Mathematical Modeling of $^{18}$F-Fluoromisonidazole ($^{18}$F-FMISO) Radiopharmaceutical Transport in Vascularized Solid Tumors
Mohammad Amin Abazari, M. Soltani, Faezeh Eydi, Arman Rahmim, Farshad, Moradi Kashkooli

TL;DR
This study develops a multi-scale mathematical model to analyze how tumor vascularization affects the transport and uptake of the radiopharmaceutical $^{18}$F-FMISO, providing insights into hypoxia imaging in solid tumors.
Contribution
It introduces a novel multi-scale spatiotemporal model that simulates radiopharmaceutical transport in tumors with different vascular architectures, incorporating complex physiological factors.
Findings
Higher microvascular density enhances radiopharmaceutical uptake.
Diffusion dominates over convection in transport mechanisms.
Transport dynamics vary with tumor growth stages.
Abstract
F-Fluoromisonidazole (F-FMISO) is a highly promising positron emission tomography radiopharmaceutical for identifying hypoxic regions in solid tumors. This research employs spatiotemporal multi-scale mathematical modeling to explore how different levels of angiogenesis influence the transport of radiopharmaceuticals within tumors. In this study, two tumor geometries with heterogeneous and uniform distributions of capillary networks were employed to incorporate varying degrees of microvascular density.
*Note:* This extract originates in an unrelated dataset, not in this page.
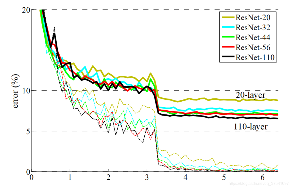 ?所以ResNet论文提出了residual结构(残差结构)来减轻退化问题。下图是使用residual结构的卷积网络,可以看到随着网络的不断加深,效果并没有变差,反而变的更好了。

The synthetic image of the heterogeneous and vascularized tumor was generated by simulating the angiogenesis process. The proposed multi-scale spatiotemporal model accounts for intricate physiological and biochemical factors within the tumor microenvironment, such as the transvascular transport of the radiopharmaceutical agent, its movement into the interstitial space by…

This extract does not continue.